Но Мухаммед остался стоять посреди комнаты, на ковре, когда-то принадлежавшем подруге юности Нефиссы принцессе Фаизе, – после бегства короля Фарука из Египта и конфискации имущества королевской семьи Нефисса купила ковер на аукционе.
– Так что же случилось с моей матерью, бабушка? – спросил он сдавленным голосом.
– Мой бедный мальчик, твоя мать совершила прелюбодеяние с другом твоего дедушки. – Нефисса почувствовала, что испытывает злорадное удовольствие, открывая тайну Ясмины, и даже немного устыдилась самой себя. – Она была в то время замужем за твоим отцом, а тебе было пять лет.

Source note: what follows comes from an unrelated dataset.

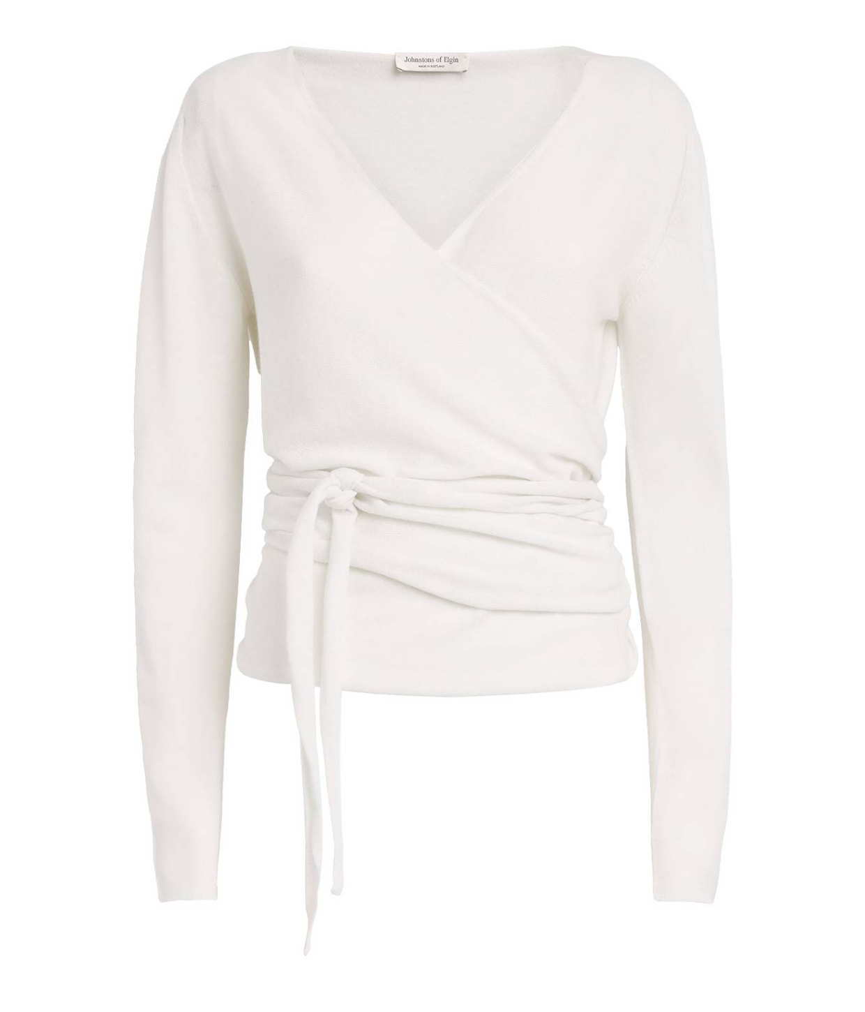 Johnstons Of Elgin White Cashmere Wrap Cardigan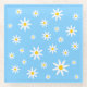 A pattern of white daisy flowers on blue.

– Нет… Я не верю!.. – воскликнул он со слезами на глазах.
– Спроси своего дедушку Ибрахима, когда он вернется из Суэца. Он скажет тебе правду. Она обесчестила семью.
– Нет! – вскричал он. – Не говори так о моей матери.
– Мне больно рассказывать тебе это, но это правда. Поэтому семья никогда не говорит о ней. Это случилось в последний день пагубной Шестидневной войны. Тяжелый, мрачный день позора нашей семьи. – Нефисса сжала губы. Она не собиралась рассказывать Мухаммеду, как Ясмина молила оставить ей ребенка, как Омар решительно разлучил ее с сыном.
Юноша стоял на ковре принцессы Фаизы в оцепенении, бледное лицо покрылось потом. Он кинулся в ванную, и до Нефиссы донеслись звуки неистовой рвоты.
Когда он, шатаясь, вышел из ванной, Нефисса протянула к нему руки, но он отвернулся и ринулся из дома. Он бежал по улицам, натыкаясь на прохожих, и молил Бога, чтобы в кофейне «Феруза», в которой они всегда встречались, он увидел своих друзей Салаха и Хабиба и они рассеяли бы окутавший его черный туман смехом и шутками. Кофейня находилась напротив клуба «Золотая клетка», и он не нашел там друзей, а нашел Хуссейна. Повинуясь его гипнотическому взгляду, Мухаммед покорно сел рядом с ним, укрыв лицо в ладонях, и слушал его мрачные призывы покарать нечестивцев, и сказал «да» – он сделает то, чего хочет Хуссейн. А потом кинется в Аль-Тафлу и покарает свою мать за преступление, которое она совершила двадцать лет назад.